No obituário que publicou, o "New York Times" registrou como um dos seus textos mais engraçados uma viagem à Turquia em busca dos banhos turcos -estufa onde se reveza a exposição do corpo ao vapor d'água em alta temperatura com a imersão em água gelada.
A graça desse texto de Buchwald estava na descoberta -entendida aqui como o ponto de vista de um norte-americano - da não-existência de banhos turcos na Turquia.
Uma das míticas reportagens da imprensa - "Frank has a cold", escrita por Gay Talese- mostra o fracasso do repórter em entrevistar Sinatra, acometido por gripe que causa efeitos colaterais em uma centena de pessoas da sua equipe.
Como se vê, o talento pode estar em enxergar a notícia em um não-acontecimento.
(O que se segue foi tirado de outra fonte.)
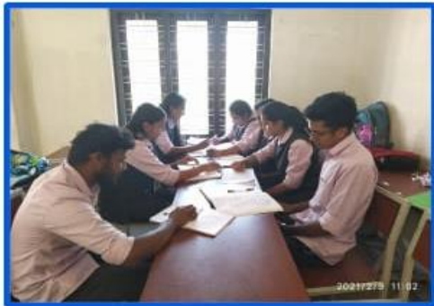
A classroom Discussion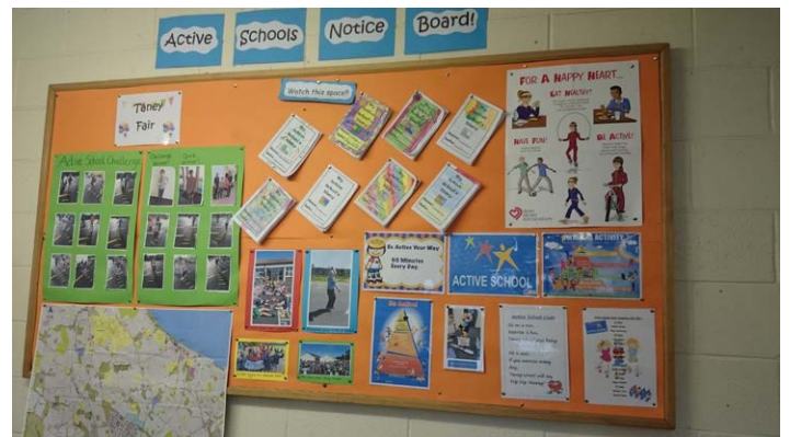
Active School Notice Board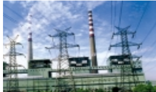
Nantong Power Plant 1,400 MW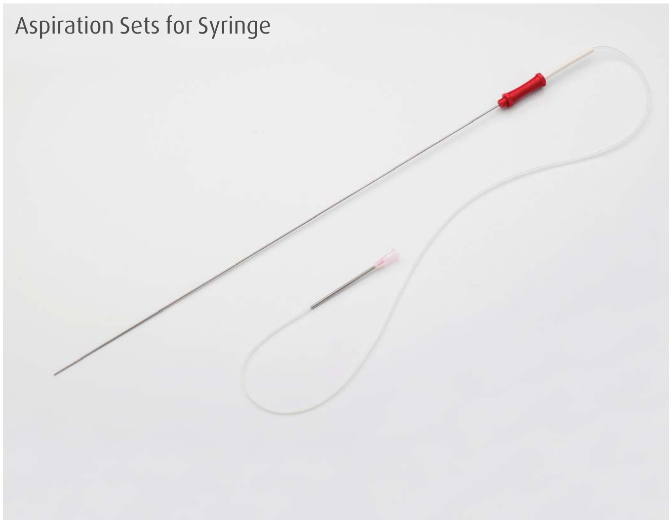
Triple cut needle tip Echo marked tip

O presidente da Venezuela, Hugo Chávez, bradou na sua despedida que a imprensa brasileira se submete ao imperialismo americano. Uma bobagem. Os problemas do jornalismo brasileiro são outros. O pior deles é transformar uma não-notícia num acontecimento. Em Brasília, os palácios, os ministérios e o Congresso parecem ser o cativeiro reprodutivo da não-notícia que desabrocha em acontecimento.
Em homenagem a Buchwald, revela-se aqui uma notícia de um não-acontecimento: não há café carioca (aquele mais ralo) no Rio.